BEGIN Entries provided
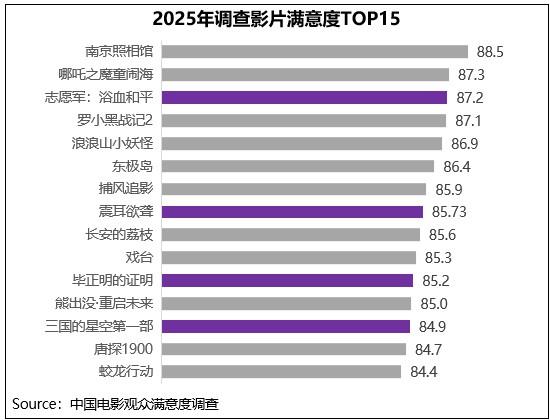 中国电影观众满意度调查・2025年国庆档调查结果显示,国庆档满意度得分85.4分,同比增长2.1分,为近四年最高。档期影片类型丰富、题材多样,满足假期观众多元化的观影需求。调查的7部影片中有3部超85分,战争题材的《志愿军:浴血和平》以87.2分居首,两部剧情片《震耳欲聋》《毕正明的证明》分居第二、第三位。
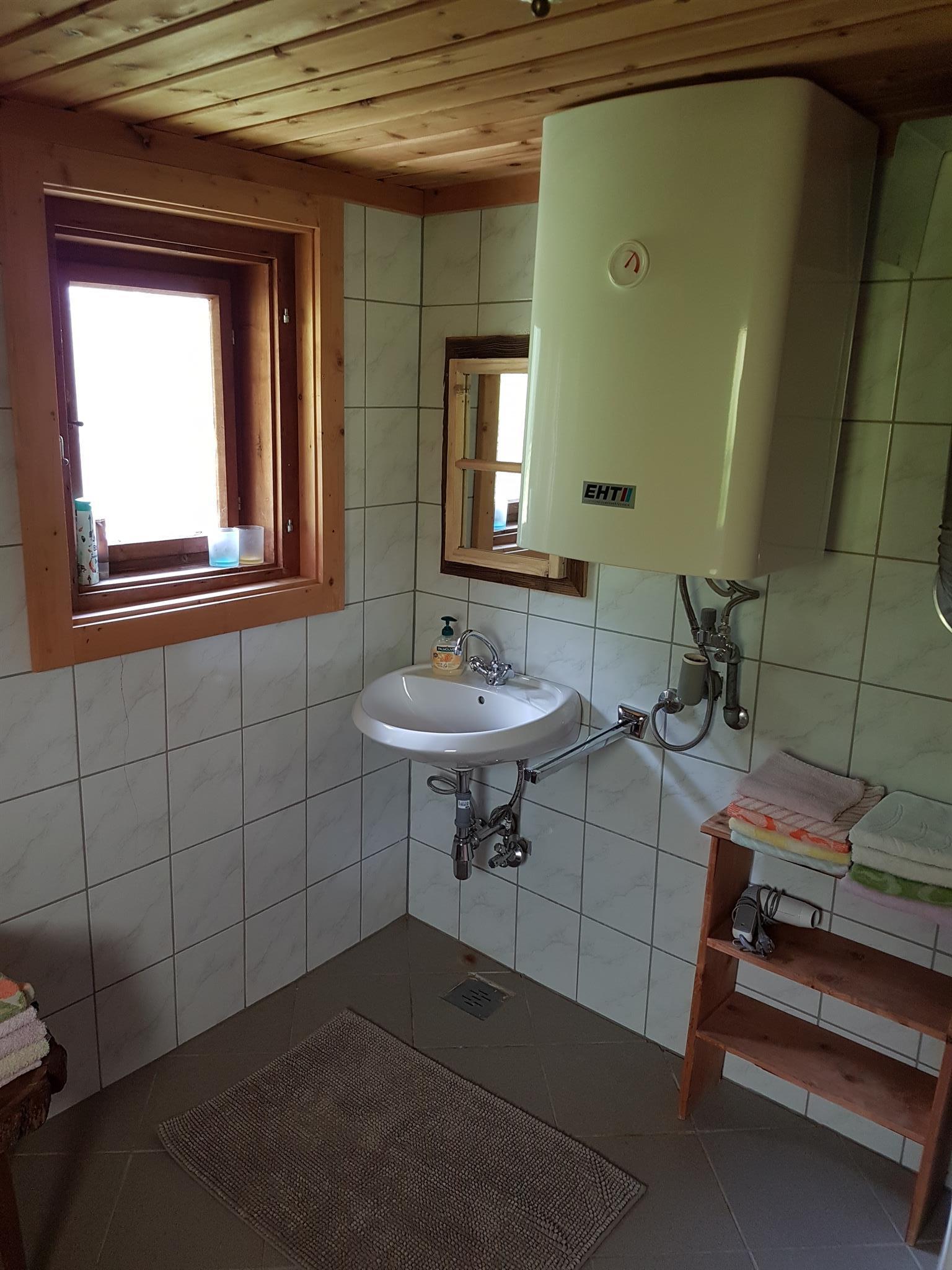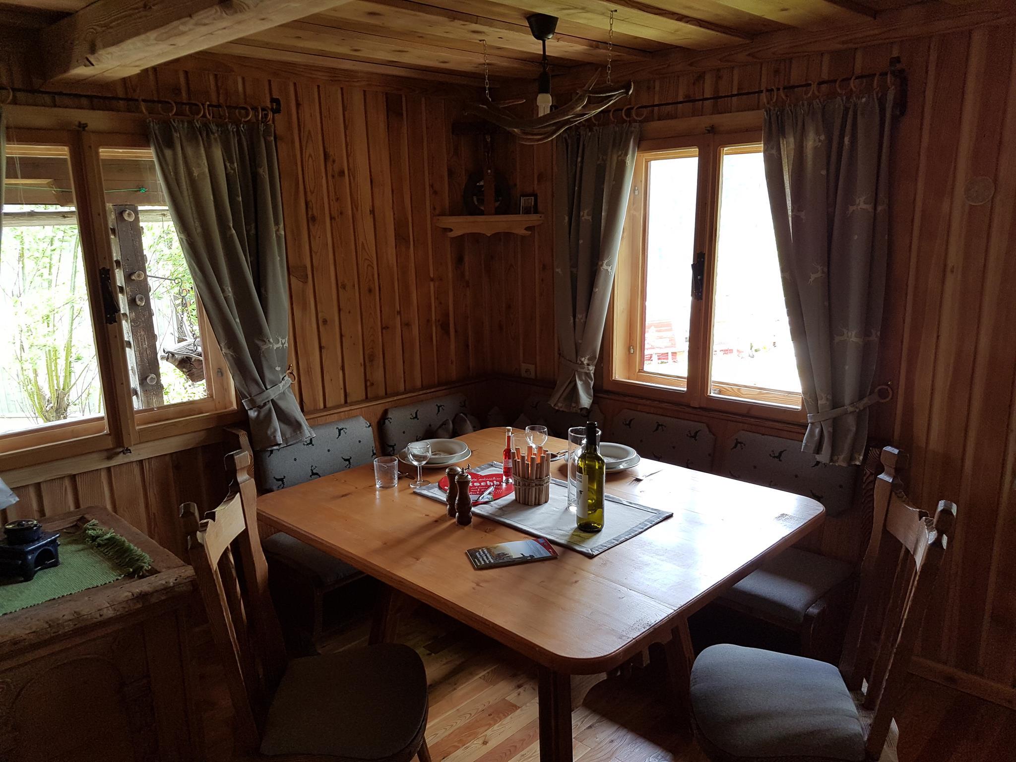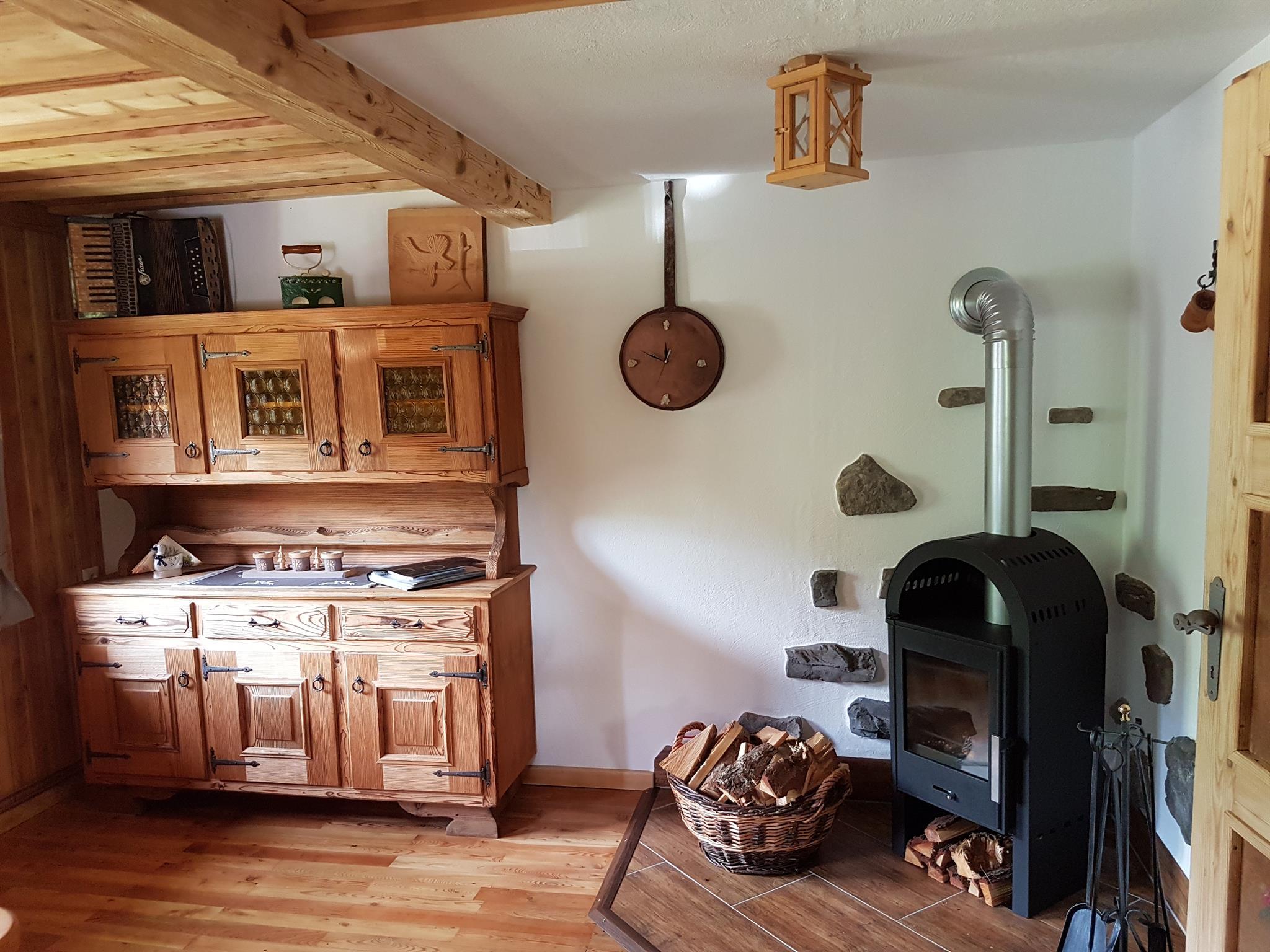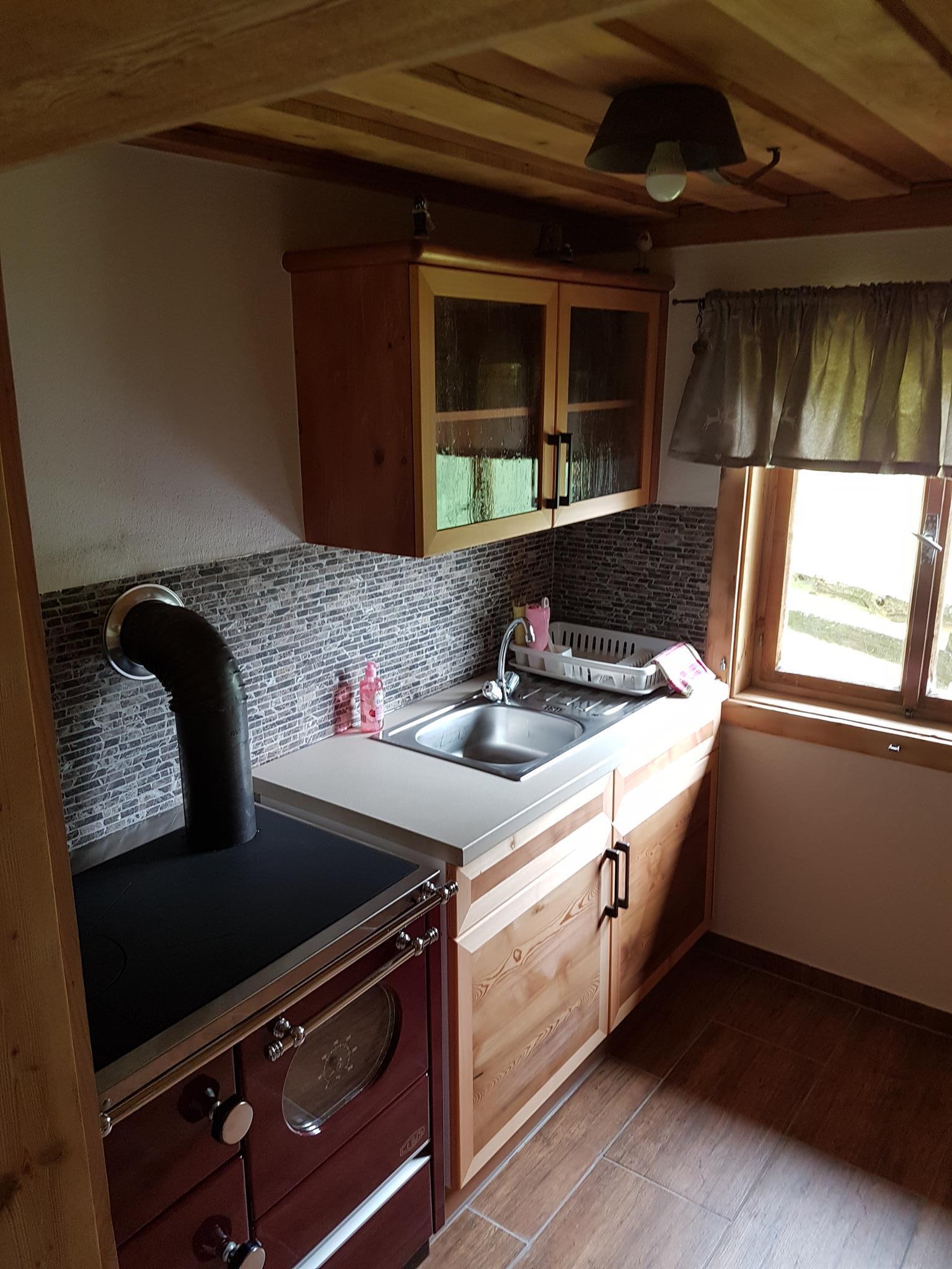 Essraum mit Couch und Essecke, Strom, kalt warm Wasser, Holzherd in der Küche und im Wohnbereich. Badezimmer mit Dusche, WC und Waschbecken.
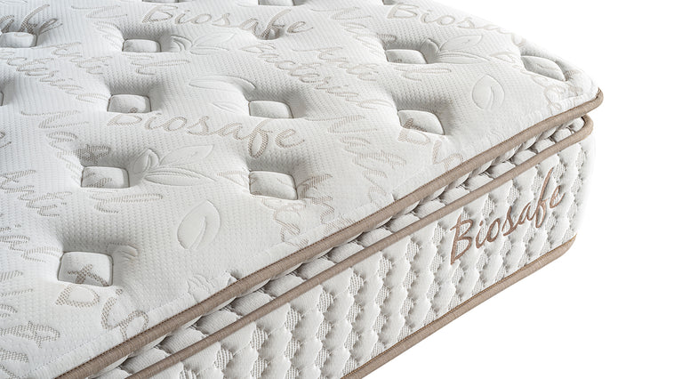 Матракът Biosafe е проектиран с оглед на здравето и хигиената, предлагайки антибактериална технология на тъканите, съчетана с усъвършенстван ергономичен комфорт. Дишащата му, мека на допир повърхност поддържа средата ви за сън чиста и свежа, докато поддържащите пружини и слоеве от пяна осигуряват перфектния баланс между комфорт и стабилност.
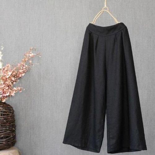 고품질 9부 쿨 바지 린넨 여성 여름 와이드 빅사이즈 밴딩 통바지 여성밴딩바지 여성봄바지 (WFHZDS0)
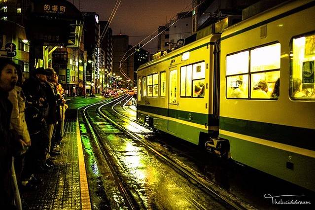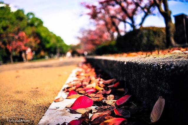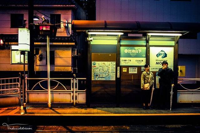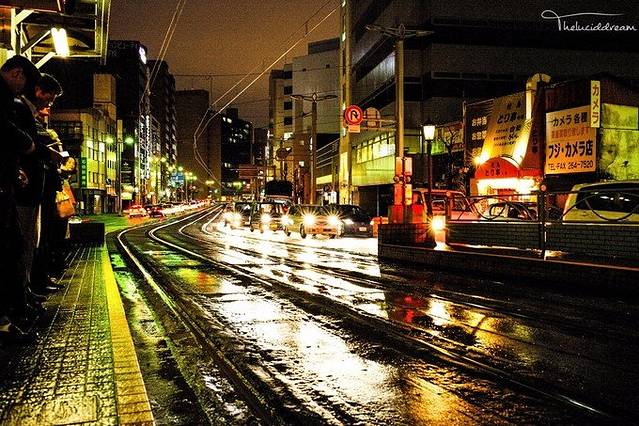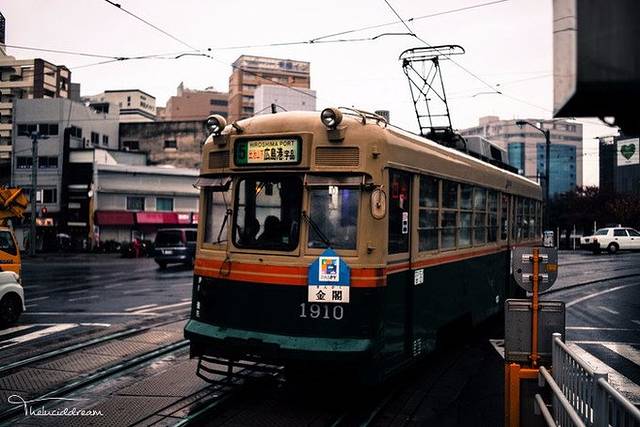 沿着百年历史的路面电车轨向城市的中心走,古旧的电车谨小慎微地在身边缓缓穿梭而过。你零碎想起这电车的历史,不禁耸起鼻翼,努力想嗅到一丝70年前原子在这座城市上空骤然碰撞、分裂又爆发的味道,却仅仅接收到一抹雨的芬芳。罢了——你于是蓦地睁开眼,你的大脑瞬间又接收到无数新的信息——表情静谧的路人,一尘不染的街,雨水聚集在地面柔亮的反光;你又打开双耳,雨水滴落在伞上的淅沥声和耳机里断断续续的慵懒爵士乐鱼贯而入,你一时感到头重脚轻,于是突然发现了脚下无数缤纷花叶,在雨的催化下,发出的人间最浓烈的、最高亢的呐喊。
END Entries provided
== Exercise directions ==
Retype all of the entries exactly as written, leaving out any images.

== Output of the task ==
 中国电影观众满意度调查・2025年国庆档调查结果显示,国庆档满意度得分85.4分,同比增长2.1分,为近四年最高。档期影片类型丰富、题材多样,满足假期观众多元化的观影需求。调查的7部影片中有3部超85分,战争题材的《志愿军:浴血和平》以87.2分居首,两部剧情片《震耳欲聋》《毕正明的证明》分居第二、第三位。
 Essraum mit Couch und Essecke, Strom, kalt warm Wasser, Holzherd in der Küche und im Wohnbereich. Badezimmer mit Dusche, WC und Waschbecken.
 Матракът Biosafe е проектиран с оглед на здравето и хигиената, предлагайки антибактериална технология на тъканите, съчетана с усъвършенстван ергономичен комфорт. Дишащата му, мека на допир повърхност поддържа средата ви за сън чиста и свежа, докато поддържащите пружини и слоеве от пяна осигуряват перфектния баланс между комфорт и стабилност.
 고품질 9부 쿨 바지 린넨 여성 여름 와이드 빅사이즈 밴딩 통바지 여성밴딩바지 여성봄바지 (WFHZDS0)
 沿着百年历史的路面电车轨向城市的中心走,古旧的电车谨小慎微地在身边缓缓穿梭而过。你零碎想起这电车的历史,不禁耸起鼻翼,努力想嗅到一丝70年前原子在这座城市上空骤然碰撞、分裂又爆发的味道,却仅仅接收到一抹雨的芬芳。罢了——你于是蓦地睁开眼,你的大脑瞬间又接收到无数新的信息——表情静谧的路人,一尘不染的街,雨水聚集在地面柔亮的反光;你又打开双耳,雨水滴落在伞上的淅沥声和耳机里断断续续的慵懒爵士乐鱼贯而入,你一时感到头重脚轻,于是突然发现了脚下无数缤纷花叶,在雨的催化下,发出的人间最浓烈的、最高亢的呐喊。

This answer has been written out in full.